2011-08-18 Thread bejoy_ks
A small correction to my previous post. The CDH version is CDH u1 not u0
Sorry for the confusion

Regards
Bejoy K S

-Original Message-
From: Bejoy Ks bejoy...@yahoo.com
Date: Thu, 18 Aug 2011 05:51:58 
To: hive user groupuser@hive.apache.org
Reply-To: user@hive.apache.org
Subject: Hive crashing after an upgrade - issue with existing larger tables

Hi Experts

        I was working on hive with larger volume data  with hive 0.7 . Recently 
my hive installation was upgraded to 0.7.1 . After the upgrade I'm having a lot 
of issues with queries that were already working fine with larger data. The 
queries that took seconds to return results is now taking hours, for most 
larger tables even the map reduce jobs are not getting triggered. Queries like 
Select * and describe are working fine since they don't involve any map reduce 
jobs.
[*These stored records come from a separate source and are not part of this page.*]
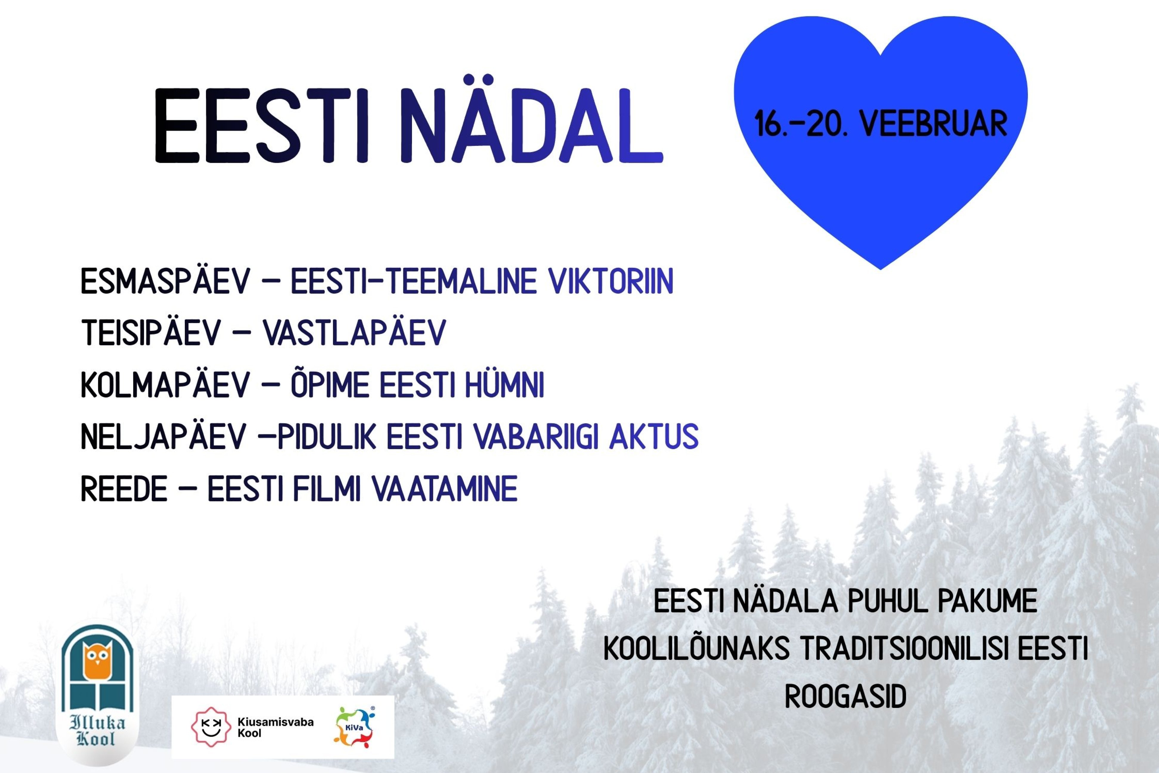 Koostöötunni ajal saavad kõik klassid töölehed, kus tuleb kirjutada Eesti hümni sõnad. - 19.02 Neljapäev – Pidulik Eesti Vabariigi aktus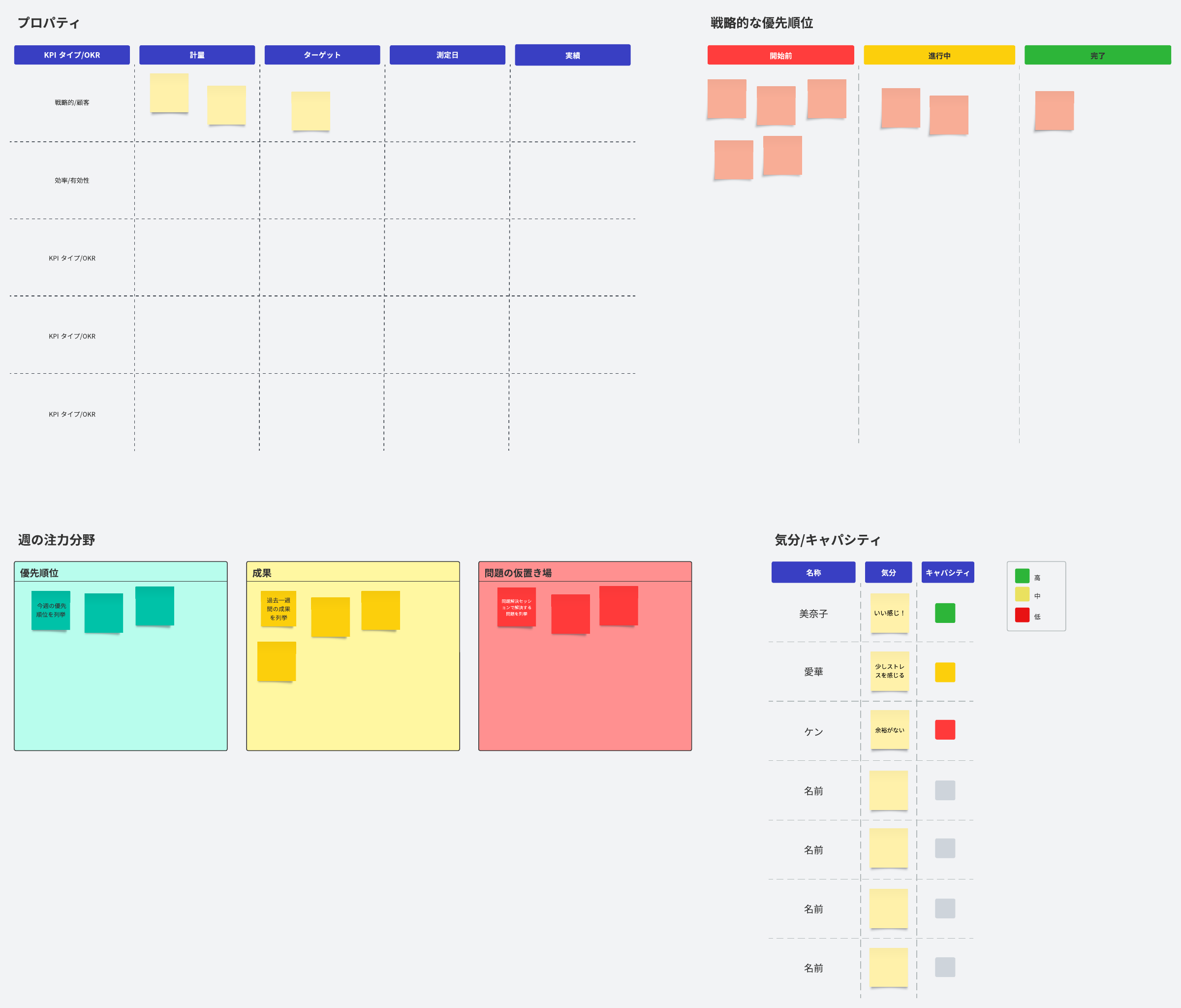 ハドルボードはチームの取り組みに関する状況、進捗や課題を示すのに役立ちます。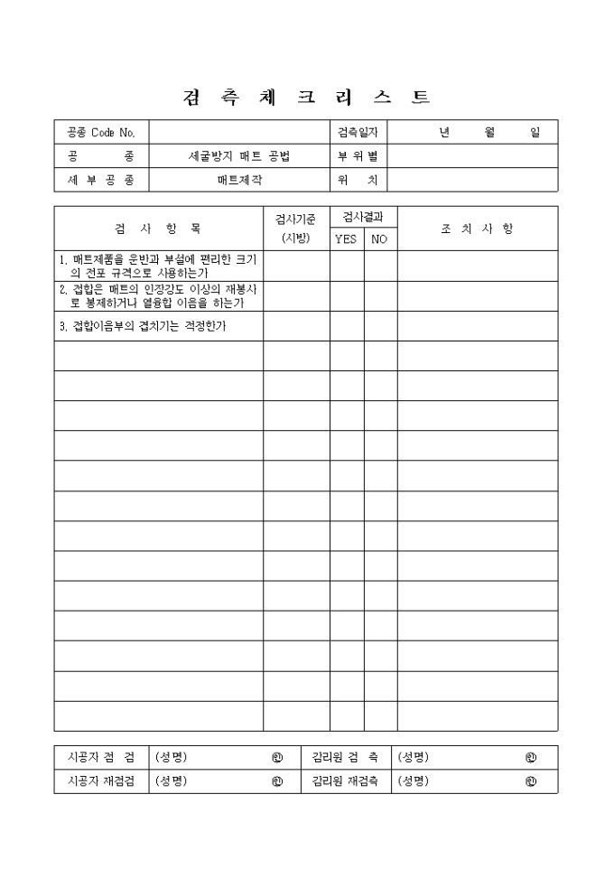 항만공사,매트제작 검측 체크 리스트입니다.

For the jobs that didn't even get triggered I got the following error 
from job tracker

Job initialization failed: java.io.IOException: Split metadata size exceeded 
1000. 
Aborting job job_201106061630_6993 at 
org.apache.hadoop.mapreduce.split.SplitMetaInfoReader.readSplitMetaInfo(SplitMetaInfoReader.java:48)
 
at org.apache.hadoop.mapred.JobInProgress.createSplits(JobInProgress.java:807) 
at org.apache.hadoop.mapred.JobInProgress.initTasks(JobInProgress.java:701) 
at org.apache.hadoop.mapred.JobTracker.initJob(JobTracker.java:4013) 
at 
org.apache.hadoop.mapred.EagerTaskInitializationListener$InitJob.run(EagerTaskInitializationListener.java:79)
 
at 
java.util.concurrent.ThreadPoolExecutor$Worker.runTask(ThreadPoolExecutor.java:886)
 
at 
java.util.concurrent.ThreadPoolExecutor$Worker.run(ThreadPoolExecutor.java:908) 
at java.lang.Thread.run(Thread.java:619) 
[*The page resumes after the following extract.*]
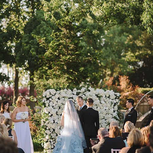 在柳花店Elyse的帮助下,新娘和新郎将已经装备齐全的后院变成了梦幻般的婚礼空间。“她为我们做的最多美丽的花壁我们的祭坛和过道门口两个大金塔的安排,”布兰妮说。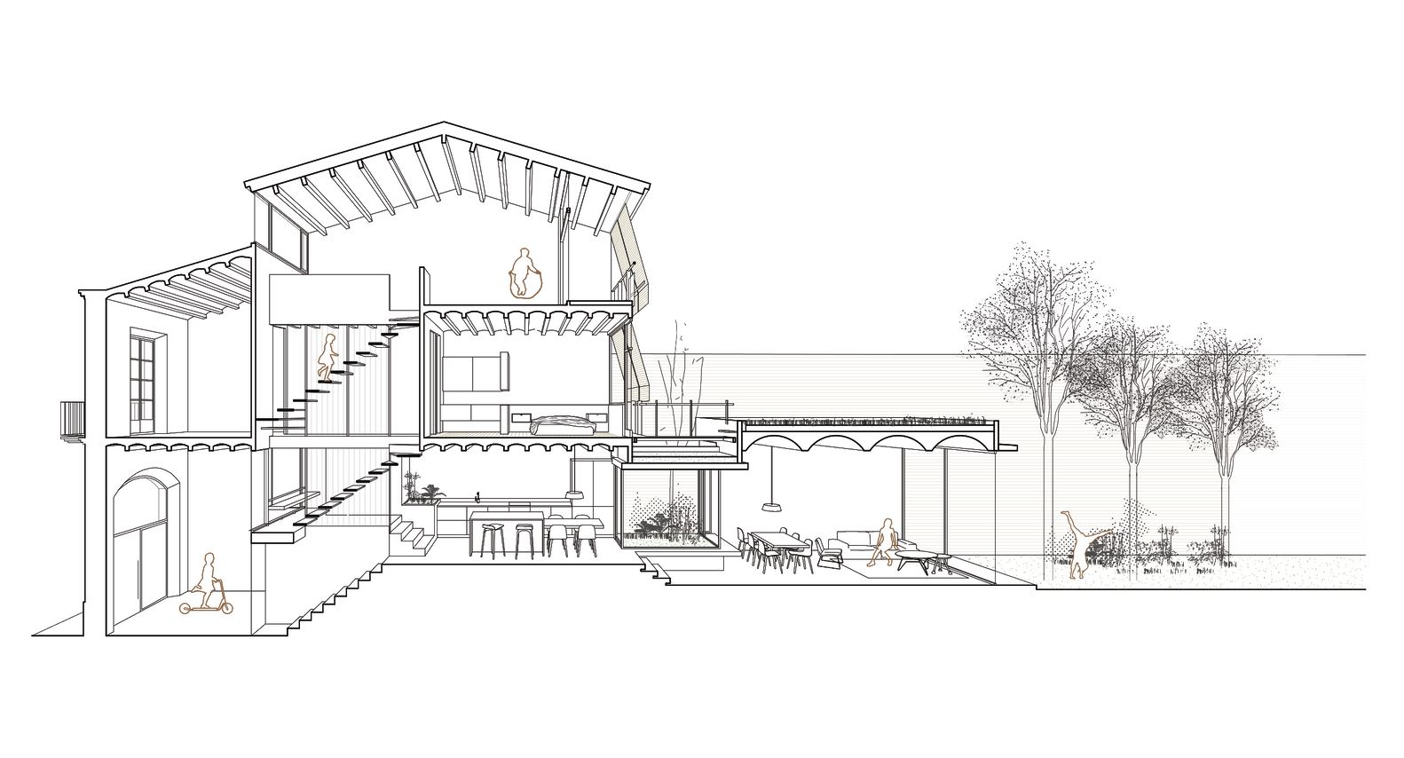 The heights of the existing floors are very low, and the level of the backyard garden is situated between the floors, which compels us to design the new home with a sectional approach where each room is placed at a specific height. The different platforms define the program. The house is experienced as a succession of spaces that transition from less to more private, intertwined through both horizontal and vertical pathways.

Looks like some metadata issue. My cluster is on CDH3-u0 . Has anyone faced 
similar issues before. Please share your thoughts what could be the probable 
cause of the error.

Thank You



Re: Hive crashing after an upgrade - issue with existing larger tables

2011-08-18 Thread Carl Steinbach
Hi,

The original CDH3U1 release of Hive contained a configuration bug which we
recently fixed in an update. You can get the update by refreshing your Hive
packages. Afterwards please verify that you are using the following Hive
package: hive-0.7.1+42.9

You can also fix the problem by modifying your hive-site.xml file to include
the following setting:

mapred.max.split.size=25600

Thanks.

Carl

On Thu, Aug 18, 2011 at 8:48 AM, bejoy...@yahoo.com wrote:

 A small correction to my previous post. The CDH version is CDH u1 not u0
 Sorry for the confusion

 Regards
 Bejoy K S
 --
 *From: * Bejoy Ks bejoy...@yahoo.com
 *Date: *Thu, 18 Aug 2011 05:51:58 -0700 (PDT)
 *To: *hive user groupuser@hive.apache.org
 *ReplyTo: * user@hive.apache.org
 *Subject: *Hive crashing after an upgrade - issue with existing larger
 tables

 Hi Experts
 I was working on hive with larger volume data  with hive 0.7 .
 Recently my hive installation was upgraded to 0.7.1 . After the upgrade I'm
 having a lot of issues with queries that were already working fine with
 larger data. The queries that took seconds to return results is now taking
 hours, for most larger tables even the map reduce jobs are not getting
 triggered. Queries like Select * and describe are working fine since they
 don't involve any map reduce jobs. For the jobs that didn't even get
 triggered I got the following error from job tracker

 Job initialization failed: java.io.IOException: Split metadata size
 exceeded 1000.
 Aborting job job_201106061630_6993 at
 org.apache.hadoop.mapreduce.split.SplitMetaInfoReader.readSplitMetaInfo(SplitMetaInfoReader.java:48)

 at
 org.apache.hadoop.mapred.JobInProgress.createSplits(JobInProgress.java:807)
 at org.apache.hadoop.mapred.JobInProgress.initTasks(JobInProgress.java:701)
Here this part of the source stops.